Another favorite is “Believe,” with its creative introduction and tasteful keyboard lead line, the vocals are genuine and compliment the song really well and the excellent solo section—all instruments combined—are the icing on the cake. “I Need Your Love” is my other favorite song on the album, with a nice fist pumping intro—majestic keyboard work with a great swelling start. My next favorite song cannot be found until the ninth song, the title track, “Hold Your Dreams,” which again channels more of the Fates Warning/Queensryche/Iron Maiden sound/feel that Perfect View really does pull off very well; it’s a very creative song, excellently sung and sufficiently heavy. The final track on the CD, “Where’s the Love” I would have sequenced earlier on the disc, perhaps right after “I Need Your Love”—it’s very heavy, well thought out, highly melodic and just plain sounds good. “A Reason to Fight” is a decent ballad, but I really would have made it the second to the last track on the album because it brings the energy level way, way down at its low speed tempo; it eventually becomes intense like Aerosmith’s “I Don’t Wanna Miss A Thing”—better in some ways, namely the solo—but still very slow.


Ironically, one of my least favorite tracks is “Run,” which does not suffer from a sluggish tempo at all but the obligatory motorcycle engine revving sound effect at the beginning is pretty uninspired and contrived in my opinion, and the rest of the song just kind of powers ahead with very little thought except for some guitar parts toward the end. The downhill slide continues on “Showtime,” which tries to do what “Hold Your Dreams” did with the very creative, thoughtful instrumental portions but then switches over to an interpreted form of the glam/sleaze thing from the late 1980s. Another track like that, only worse, is “Don’t Turn Away,” trying way too hard to grab that circa 1990 RATT cheesy “swing metal” feel. The chorus is pretty good and the really good guitar work in parts keeps this song from getting eliminated from my playlist when playing back the entire album, but it was not a good sign of things to come. Another song like this one was “Speed Demon,” my least favorite song on the CD to be completely certain.

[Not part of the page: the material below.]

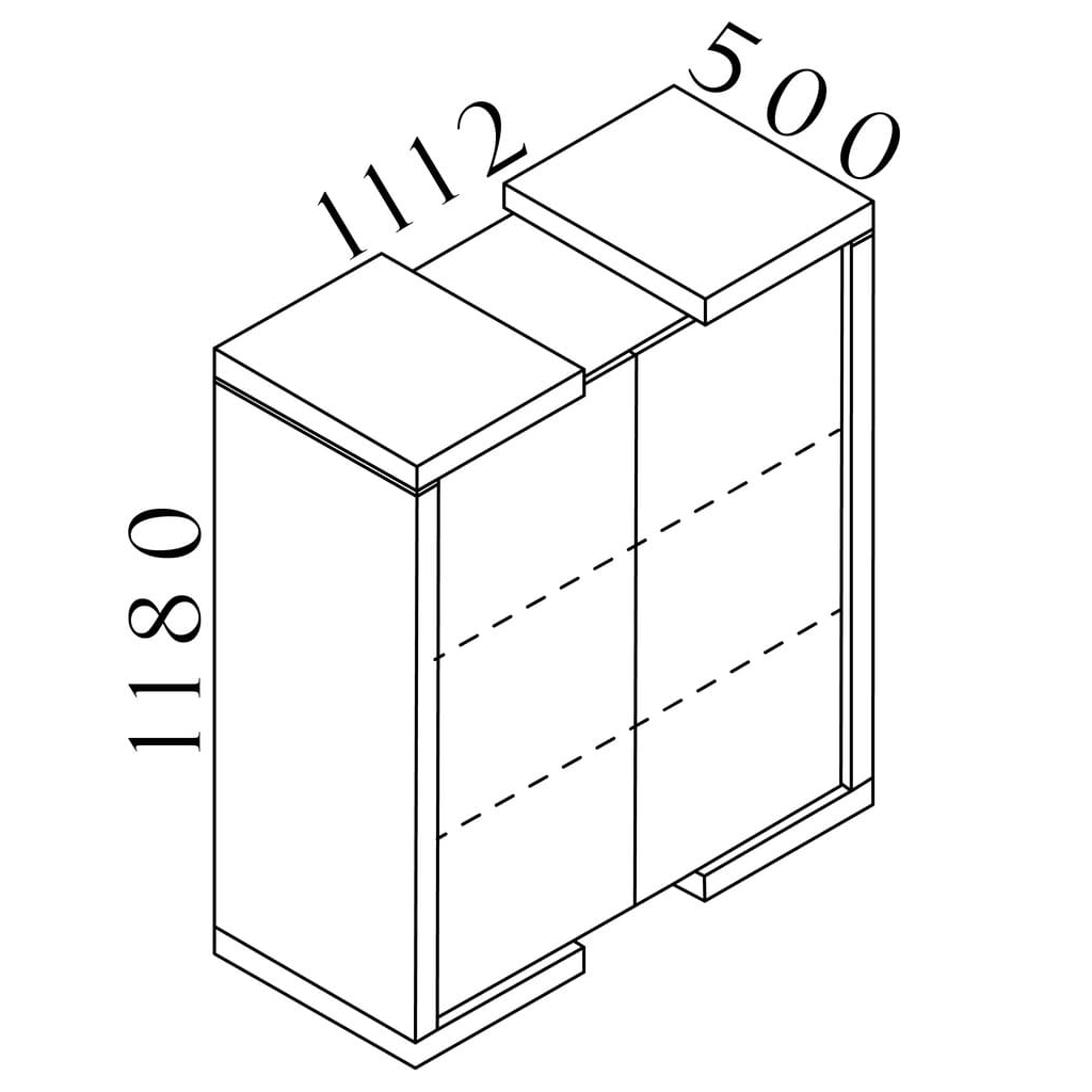 Střední skříň Lineart disponuje dvěma policemi. Při rovnoměrném zatížení unesou až 40 kg. Desky jsou vyrobeny z laminované dřevotřísky a mají sílu 54 mm.

This review may sound like I’ve heavily panned this release as barely worth purchasing but I cannot overemphasize the mix is beautiful and the musicianship is beautiful. This is a good sounding album to the ears, and was worth my money. I just felt like some tracks could have been left off the CD, or at a minimum, re-arranged, but this is what can happen with a self-produced album. There isn’t an industry expert hanging around saying, “hey maybe this song doesn’t need to be six and a half minutes long, eh?” That’s kind of the fun of indie rock, though. It’s a little experimental. It’s not always predictable, or at least, it shouldn’t be. But that’s why it’s a little disappointing when bands hold themselves back by being predictable. Paying homage to your heroes is admirable and one of the reasons why we all either make or love listening to Melodic Rock, and I’m definitely not one of those jerks that believe they need to “get out of the 80s sound” in order to be viable. Big drums and articulate guitars are a good thing. It’s just that we don’t have to settle for tired arrangements, contrived sound effects or fake sleaze. More songs like “Where’s the Love” and less songs like “Speed Demon” on their next album will guarantee a purchase from me.